(Given material begins)

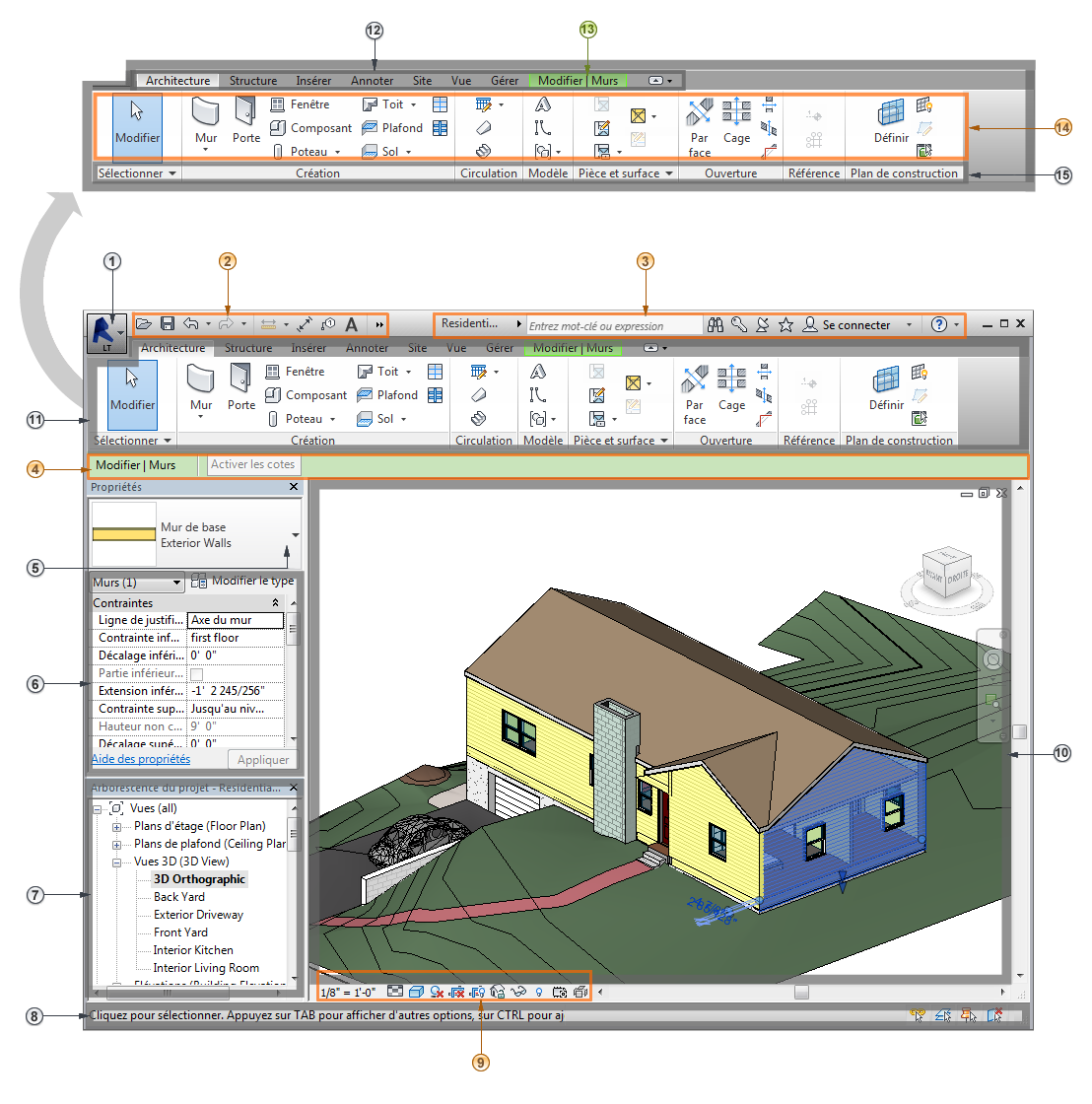 | 13 | Onglet contextuel du ruban fournissant des outils relatifs à l'objet sélectionné ou à l'action en cours |
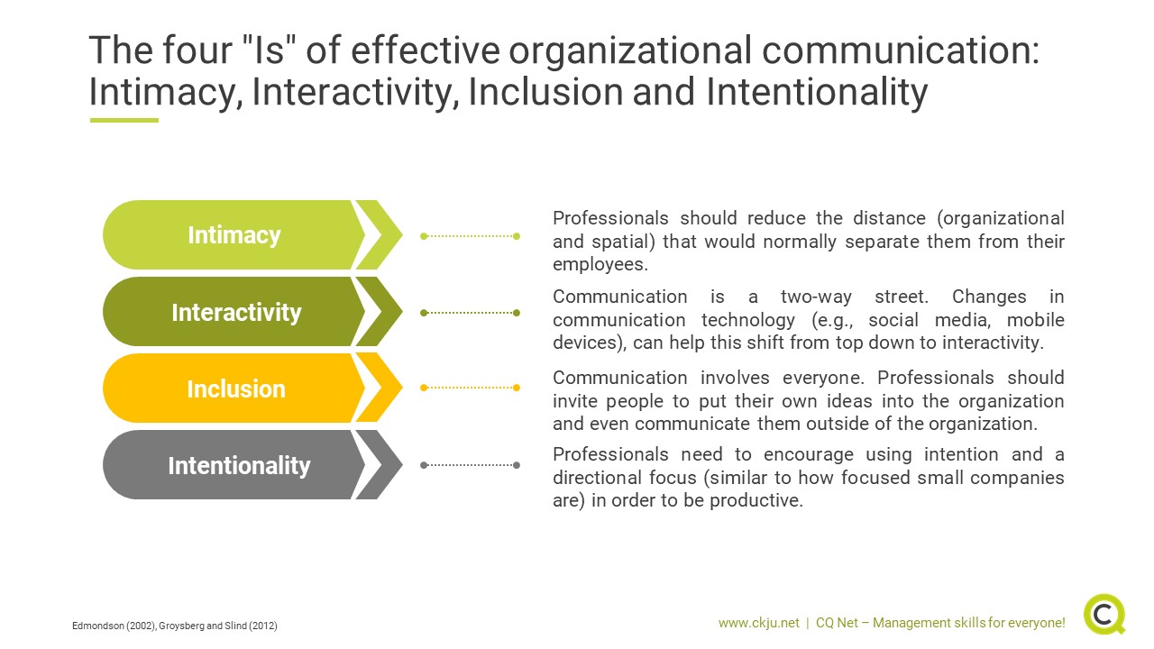 Groysberg and Slind (2012) took their findings successful companies and developed the “Four Is of organizational communication”:
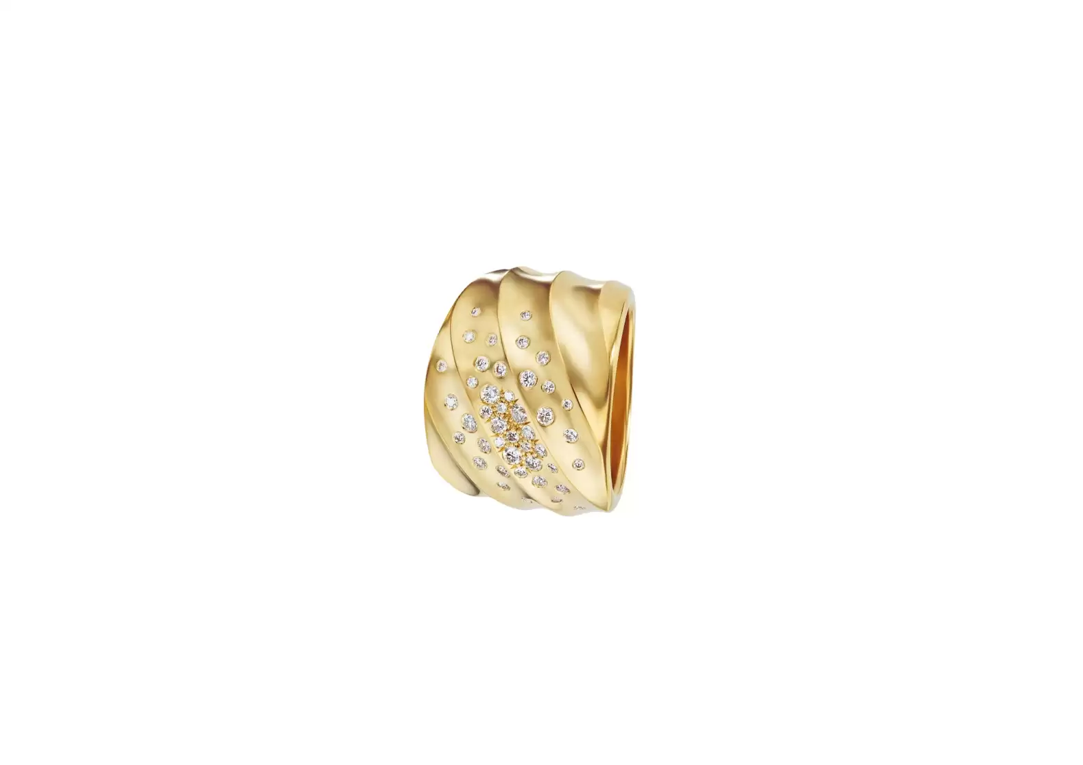Introducing the exquisite Preloved: Cable Edge® Saddle Ring 18K Yellow Gold With Diamonds, 18.8mm. Crafted with utmost precision, this stunning ring is a true testament to elegance and sophistication.
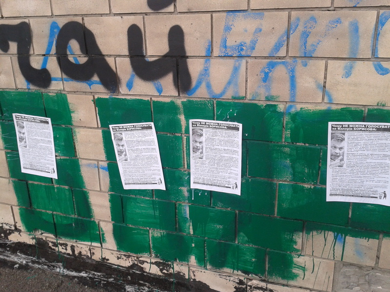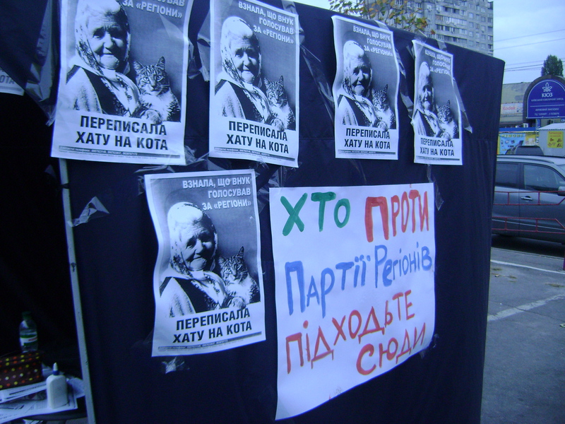 Активісти кампанії “Помста за розкол країни” поставили свій антиагітаційний намет поряд з наметом Партії регіонів у 213-му виборчому окрузі. Також у вихідні тривало поширення листівок із закликами не голосувати за Партію регіонів та її кандидата Валерія Борисова, який керує партійним столичним штабом і “скромно” приховує свою партійність, не вказуючи її на бігбордах та в агітаційних матеріалах. Ось вже понад тиждень антиагітаційний намет у 213-му окрузі виставляється кожного дня, і кожного дня відбувається розклейка і роздача листівок.

(Given material ends)

▸ **Description of the task**:
Retype the data above exactly. Leave the pictures out.

▸ **The answer**:
 | 13 | Onglet contextuel du ruban fournissant des outils relatifs à l'objet sélectionné ou à l'action en cours |
 Groysberg and Slind (2012) took their findings successful companies and developed the “Four Is of organizational communication”:
Introducing the exquisite Preloved: Cable Edge® Saddle Ring 18K Yellow Gold With Diamonds, 18.8mm. Crafted with utmost precision, this stunning ring is a true testament to elegance and sophistication.
 Активісти кампанії “Помста за розкол країни” поставили свій антиагітаційний намет поряд з наметом Партії регіонів у 213-му виборчому окрузі. Також у вихідні тривало поширення листівок із закликами не голосувати за Партію регіонів та її кандидата Валерія Борисова, який керує партійним столичним штабом і “скромно” приховує свою партійність, не вказуючи її на бігбордах та в агітаційних матеріалах. Ось вже понад тиждень антиагітаційний намет у 213-му окрузі виставляється кожного дня, і кожного дня відбувається розклейка і роздача листівок.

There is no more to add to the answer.